Forgive me if I've got this wrong, OP, but from your updates it seems to me that you've found it easier over the years to have your son less. You wanted to go out on the weekends and go on holiday with your friends. Now your son's a bit older and easier to take care of (and maybe you don't have the same opportunities to socialise anymore?) you've decided you want to spend more time with him. But he's been happy in a stable set up for the past six years and doesn't want it to change.

Honestly, I can't imagine why you would choose to miss spending quality time with your son so that you could go out every weekend with your mates. Once in a while, sure, but you gave up every weekend with him for that? Luckily it sounds like he has a really lovely family on his dad's side.

If you want things to change, you have to make the effort to spend quality time with your son.

Wishthingswerenouting · 09/02/2026 18:29

not even reading the thread because you sound jealous and bitter.

you should be over the moon considering the length of time he’s know her (most of his life) and the fact she prioritises him. If it was new I’d understand. Jealous ex. End of.

Playnoway · 09/02/2026 18:30

VisitingInkMonitor · 09/02/2026 18:25

You “invited” your 9 year old on holiday? That’s a very bizarre thing to say. Also why don’t you know his friends and their parents? Either this is a reverse or there is a massive backstory. I’m just glad I’m not a step parent because what ever they do is wrong apparently

I asked him yes because I usually holiday with mates and he always goes with dad.

I know them but they don’t stop and talk to me in the playground like they do with her. I see them all talking during the week when she’s picking up her daughter. I feel excluded. They all have a WhatsApp group which I’m not in. All his mates call her by her first name but just call me xxxs mum.

OP posts:
Saharafordessert · 09/02/2026 18:30

She sounds amazing and your son is very lucky to have her. Your ex also seems accommodating as he’ll cut his normal length of holiday to allow you and your son to go away too.
Like others I find it odd that you’d invite your 9 year old….you're the parent!
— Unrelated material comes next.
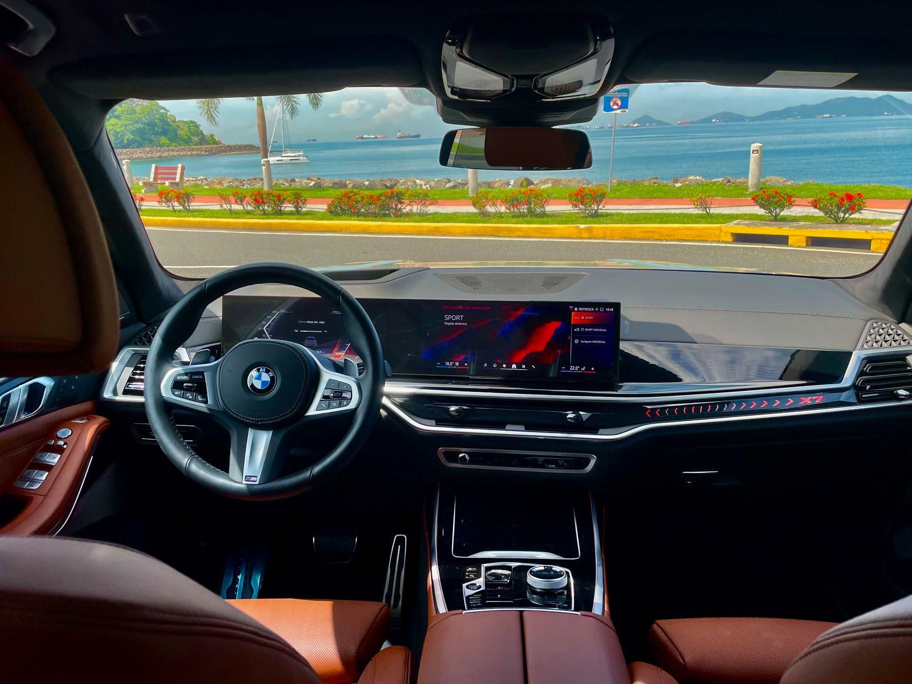 seis o siete ocupantes en tres filas. Los frontales me soportan bien y me sujetan mejor, siendo muy confortables. Hay espacio para cabeza y piernas para botar en la primera y segunda fila. La visibilidad sobre el capó es excelente por la forma cuadrada del SAV y lo alto que se ubican las butacas frontales. Si equipado con suspensión adaptativa y de aire opcional, el auto desciende para facilitar ingreso y egreso. El volante M posee levas en el mismo y es multifuncional en su accionar.

outerspacepotato · 09/02/2026 18:30

She sounds like a kind and loving stepmother. You should be happy your son has that kind of connection with her.

Sometimes kids luck out with their stepparents and it sounds like yours did.

If you're unhappy with the custody schedule as it stands, think about what you gain or lose if you uproot your son's long standing routine. It suited you for all this time and changing it might not go over well.